Winter Training Report #3

Happy Tuesday!


Training has been going ok – a little bit of a stall during the holidays. But when you look back at my running last year during the winter I’ve already improved with getting outside and running more. Last year in January, I ran 5k in December, 15K in January and 16K in February (yikes..) – but in December this year, I have run 28K. Now that is a pretty low KM week during marathon training, but an improvement during off season. Even November wasn’t bad – with an additional 14K on top of the marathon. The plan after the marathon was to gradually amp up the mileage again, but very slowly. My body needed a rest after the marathon.

Training December 18-December 31st

December 18 – GoodLife + small track workout

I went in for a physical assessment at GoodLife. While waiting for the personal trainer, I ran half a mile. Then I did a series of exercises to test my physical abilities including lunges, push-ups and planks. It was fun!

In the evening I was supposed to do a long jump practice – but after 800m and dynamics, my hip was angry. I did manage to do a couple of start drills though. My hip really jammed up that evening.

December 19 – GoodLife

Another GoodLife workout with the personal trainer. She ran through a variety of exercises including weighted lunges/squats and using the TRX system for some rows and pull-ups. I liked the TRX stuff! The personal trainer also showed me a year long plan of workouts. I’m hoping to sign up for some personal training in January.

December 20-25 – not much

A bit too busy during the holiday season. I did some lunges, glute bridges and that sort of thing here and there, but nothing structured. I also wanted to rest the hip – which worked as it doesn’t feel jammed up anymore.

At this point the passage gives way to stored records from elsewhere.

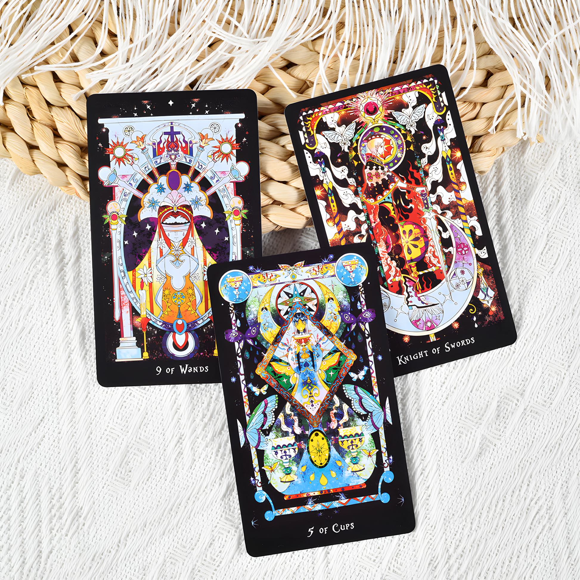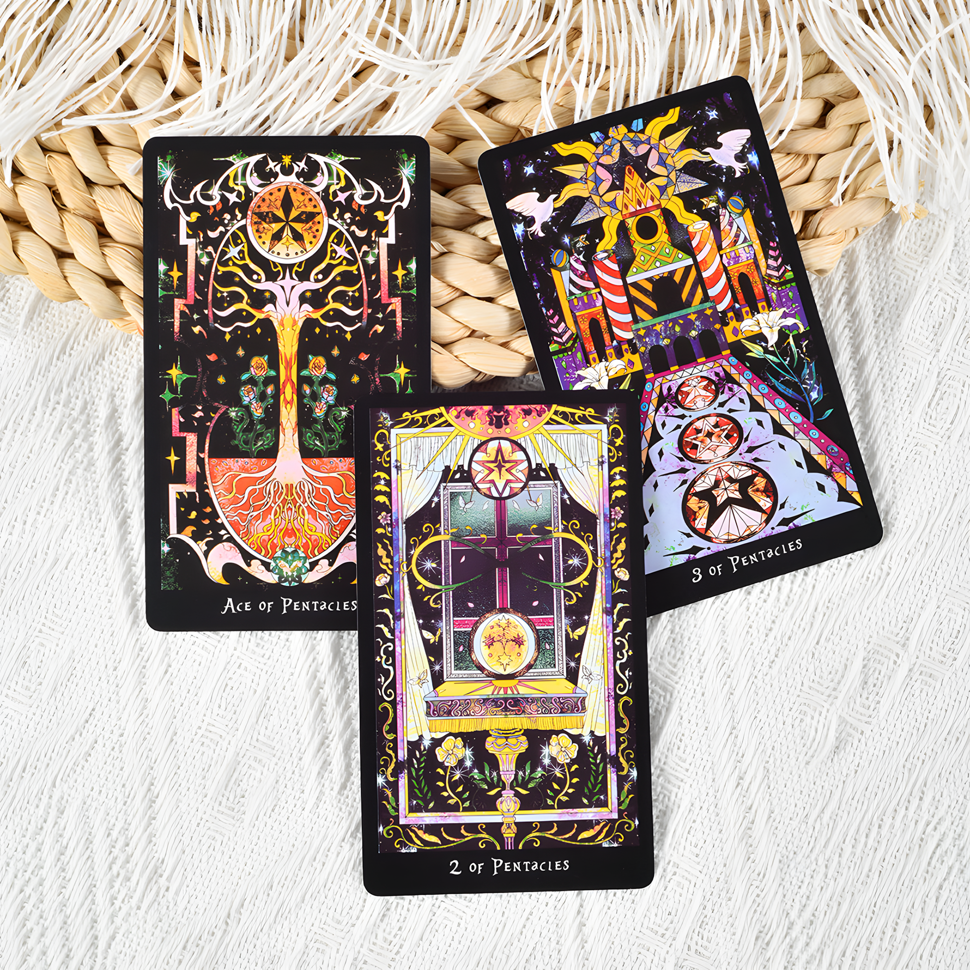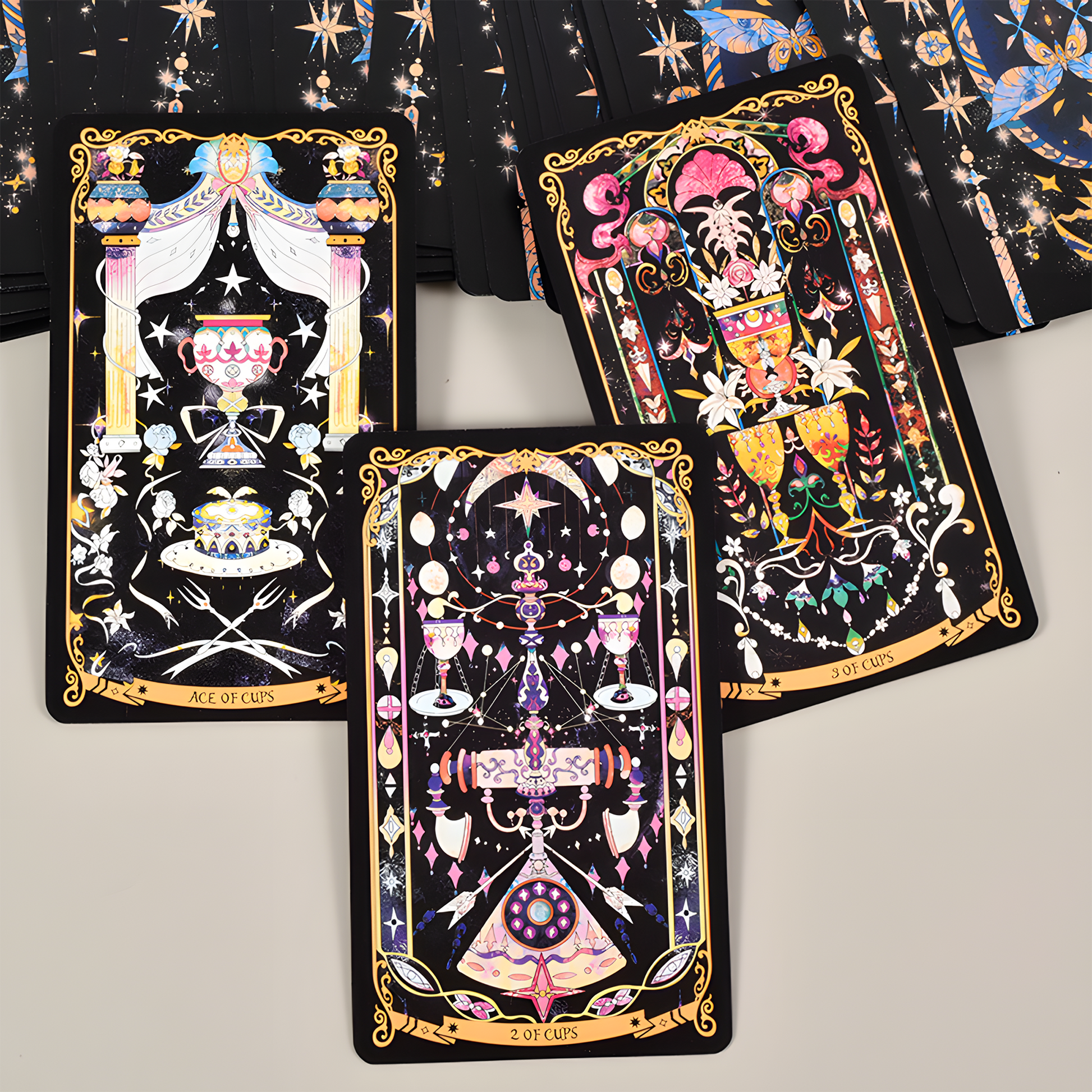 Somewhere beyond time, an ancient kingdom floats in the vast starry cosmos, hidden within a crystal sphere. Explorers drawn to the same strange frequency find themselves guided by a palace of starlight – a place that records their journey in symbolic whispers. Starry Enigma Tarot is born from that dreamlike realm, each card a door, each symbol a riddle, shimmering with cosmic mystery and wonder.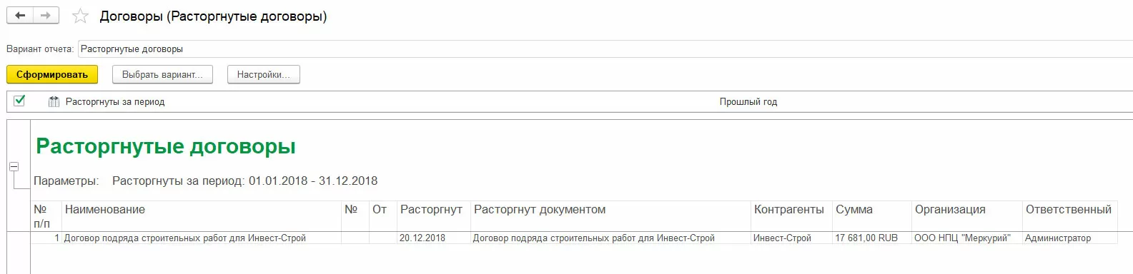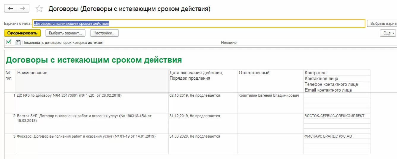 Отчеты по управлению договорной деятельностью отражают актуальные данные по текущим договорам за интересующий период.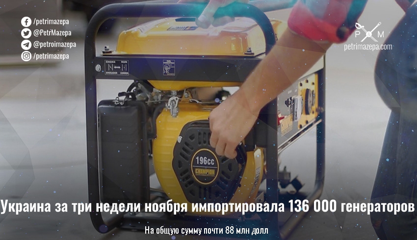 Украина за три недели ноября импортировала 136 000 генераторов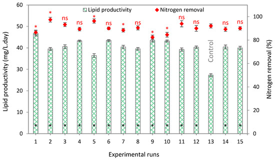 Lipid productivity and nitrogen removal by Chlorella sp. cultivated at different sodium nitrate concentrations, seawater ratios, and glycerol supplementation using randomized central composite design as shown in Table S1. * and ns represent significant and non-significant differences, respectively, with respect to the control (Run #13) at p ≤ 0.05.

December 26 – 6K “long run”

Longest run since the marathon! I’ve gradually built up from 3K to 6K over the past month. I doubt that I will go beyond 10K in the winter season, so in a few weeks I should be able to get to 10K. The run felt good – actually I was warm! It was 4C that day and I totally overdressed.

December 27 – Hip/Glute exercises

I had to coach that day – so I did do a few body-weight exercises with the track team – including 5 Rocky push-ups (full push-up with a clap – they are killer). When I got home, I did more lunges, push-ups

December 28 – 3K Progression run

I went for a short run on Sunday – 3K, with each KM getting faster. I finished in under 18 minutes with KM 1 being 6:14, KM 2 in 6:02 and KM 3 in 5:29. Fun little workout. I am loving the clear sidewalks!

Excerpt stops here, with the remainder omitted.